Whereas abundant evidence links higher global HRQOL to a positive course of cardiac diseases [
6‐
8], global HRQOL did not predict CR outcome in terms of exercise capacity in our study. This might be related to the internal structure of the MNH (with a cross-dimensional global index based on the average of the emotional, social, and physical MNH scores). Since the physical and emotional domain of HRQOL showed opposite effects on exercise capacity in our results, their individual effect might mutually neutralize each another, thus amounting to the missing effect of global HRQOL on exercise capacity. In line with this and given the complex and multidimensional concept of HRQOL, arguments have also been raised against the use of a global HRQOL score, favoring to consider individual HRQOL dimensions separately [
40].
Strengths and limitations
Our investigation of multidimensional HRQOL as a possible determinant for the effectiveness of CR fills an important gap in the existing literature. Although it is well known that psychosocial factors play a crucial role in the effectiveness of CR [
41], evidence on the prognostic properties of HRQOL on exercise capacity has so far been missing. The thorough factor-analytical approach to the MNH items prior to the main analysis allowed the theory and data-driven identification of the most appropriate definition of the HRQOL domains for the present data set, which formed a solid basis for the subsequent main analyses.
Further major strengths of the present study are the large sample size, the multi-center approach, and the inclusion of a wide spectrum of cardiac diagnoses, which substantiate the representativeness of the sample.
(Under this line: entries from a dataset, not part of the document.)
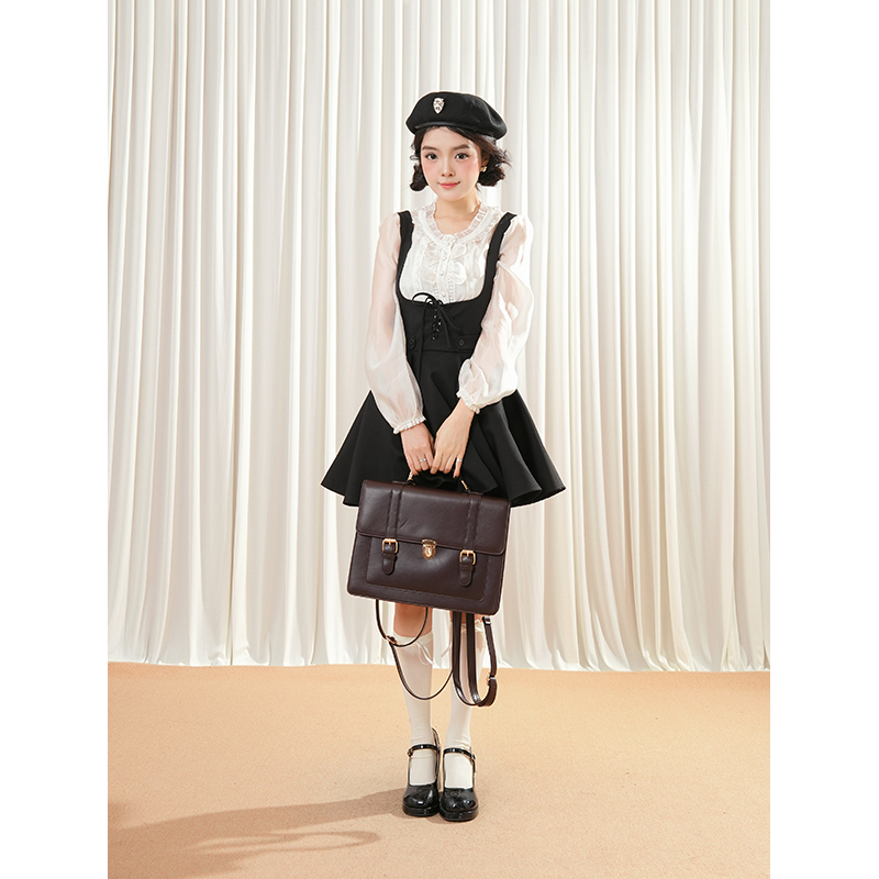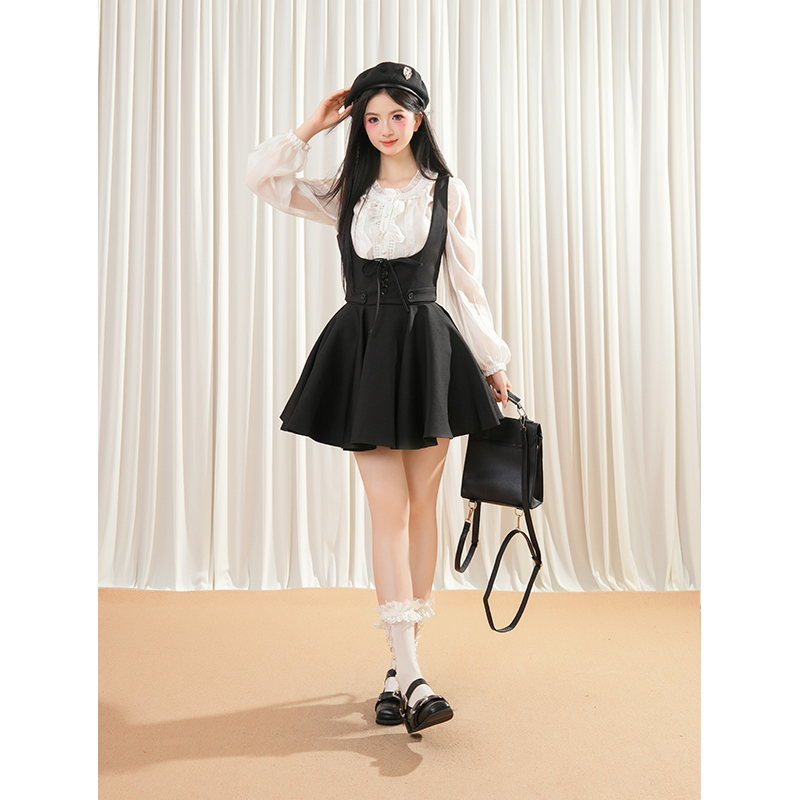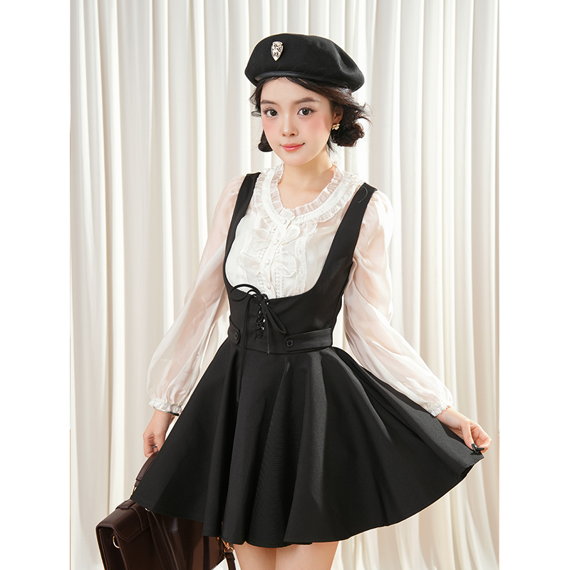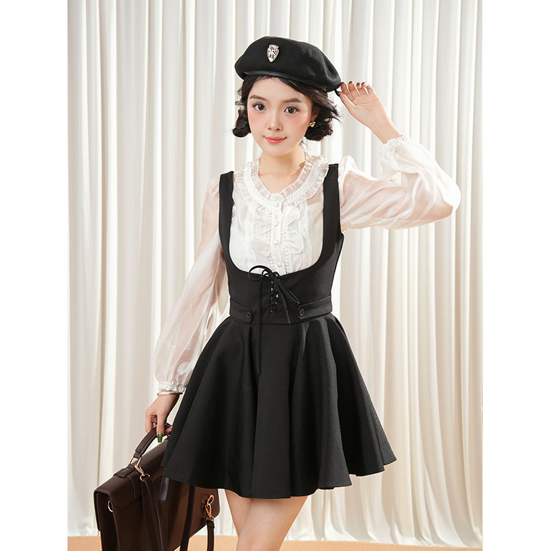 甜心乖乖女 中古秀场花瓣衬衫+系带背带裙两件套法式气质甜美套装
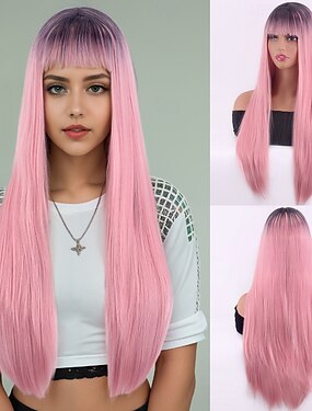 Perruque longue et lisse rose ombré avec frange, en cheveux synthétiques résistants à la chaleur, pour femme, look naturel, cosplay d'Halloween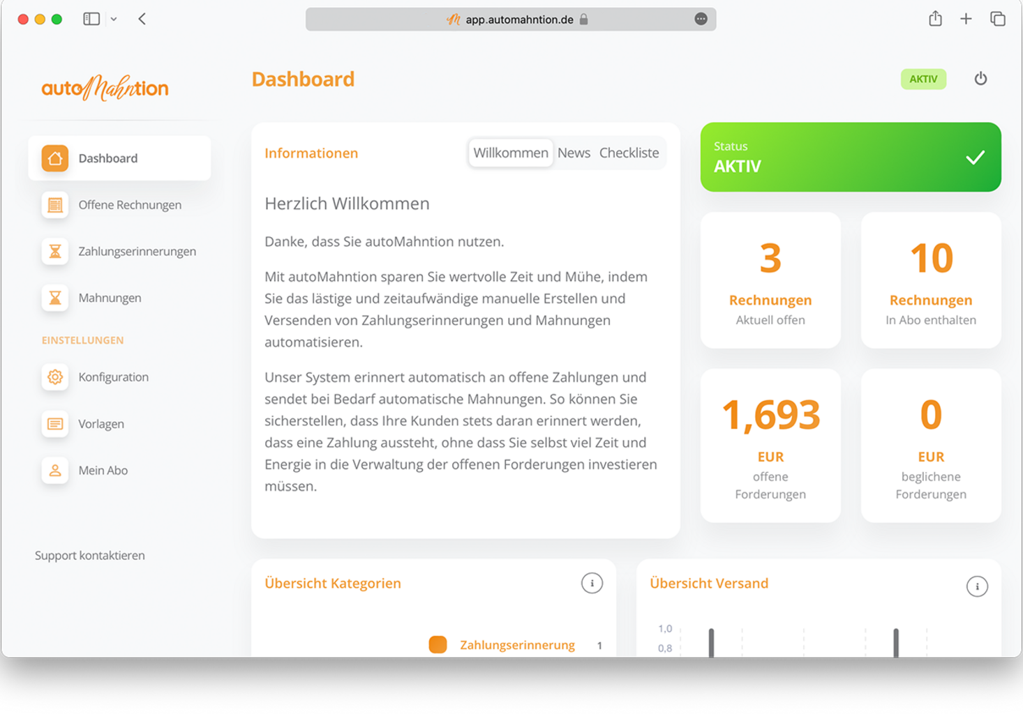 Du behältst zu jeder Zeit die volle Kontrolle und kannst in einem übersichtlichen Dashboard den aktuellen Status jeder überfälligen Rechnung einsehen. - Mahnungen leicht gemacht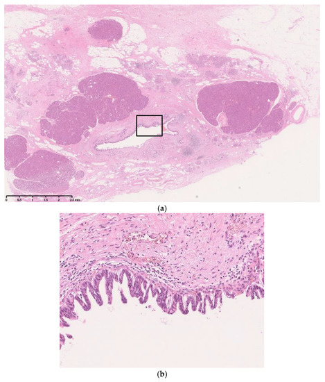 Histopathology of focal pancreatic parenchymal atrophy (FPPA). (a) FPPA consists of replaced adipose tissue. The margin of the area is sharp and clear, and the surrounding pancreatic parenchyma shows no significant changes, such as inflammatory cell infiltration, fibrosis, or atrophy (hematoxylin–eosin, ×40). (b) FPPA is observed around or adjacent to the pancreatic duct with neoplastic changes in the pancreatic ductal epithelium (square part of a) (hematoxylin–eosin, ×200).
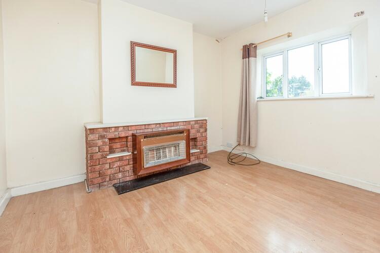 Double glazed window to the front aspect, feature fireplace, wooden laminate flooring and radiator.
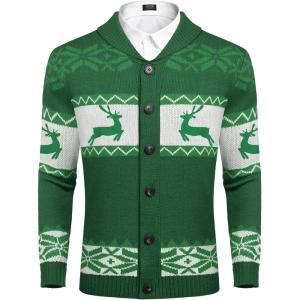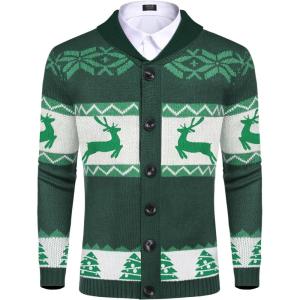 COOFANDY Men’s Christmas Cardigans Ugly Xmas Sweaters Reindeer Snowflake Shawl Collar Knitted Cardigan Sweater(A – Green – C)
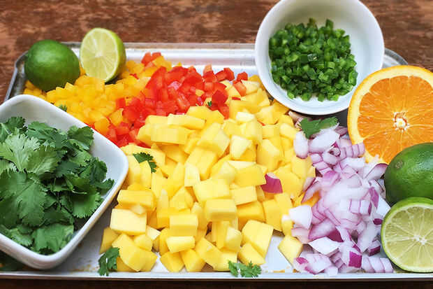 me encanta esta ensalada. He disfrutado de salsa de mango con pescado y pollo, pitas y tortilla chips, maridaje con cuscús israelí (perla) para una ensalada solo hace un maravilloso plato, una comida de almuerzo o una satisfacción de bocado, mañana o

Yet, some limitations have to be acknowledged. Our large sample size enabled us to thoroughly investigate the predictive properties of HRQOL on exercise capacity, however, the effects found were small. Moreover, given the multidimensionality of the quality of life concept, many different HRQOL survey instruments have been applied in the past, also in cardiovascular patients. This wide range of available instruments represents a challenge in research on this topic in general and can also contribute to the divergent findings across studies. Moreover, the factor structure of the MNH may affect the generalizability of existing evidence, especially, since score composition also varies by language [
39].
Further, due to the correlational design, no causal effect of CR can be inferred. The observed changes in exercise capacity may also be driven by factors other than HRQOL. Training intensity, for instance, was identified as the most critical predictor of exercise capacity at discharge of CR [
42], a variable we could not deduce from the present data set. While in several European countries, inpatient phase II CR services are provided, this is not the case on a global level, where phase II CR is often only provided in an outpatient setting. This might limit generalizability of our results. In light of this, replication of our results in outpatient settings would be desirable in future studies.